[Required action]
Begin at the line containing "EXO PRO backrest sling (EXO Evo version)" in the data below and go on through the line containing "Union Minister for", repeating each line exactly; include both ends and no other line.

[Record set]

____________________

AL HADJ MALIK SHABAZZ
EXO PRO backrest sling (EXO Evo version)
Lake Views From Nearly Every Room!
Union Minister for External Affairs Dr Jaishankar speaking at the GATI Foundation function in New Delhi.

____________________

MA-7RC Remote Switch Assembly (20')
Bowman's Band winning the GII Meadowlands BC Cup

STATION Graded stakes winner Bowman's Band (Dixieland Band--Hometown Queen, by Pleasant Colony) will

____________________

[Written solution]
EXO PRO backrest sling (EXO Evo version)
Lake Views From Nearly Every Room!
Union Minister for External Affairs Dr Jaishankar speaking at the GATI Foundation function in New Delhi.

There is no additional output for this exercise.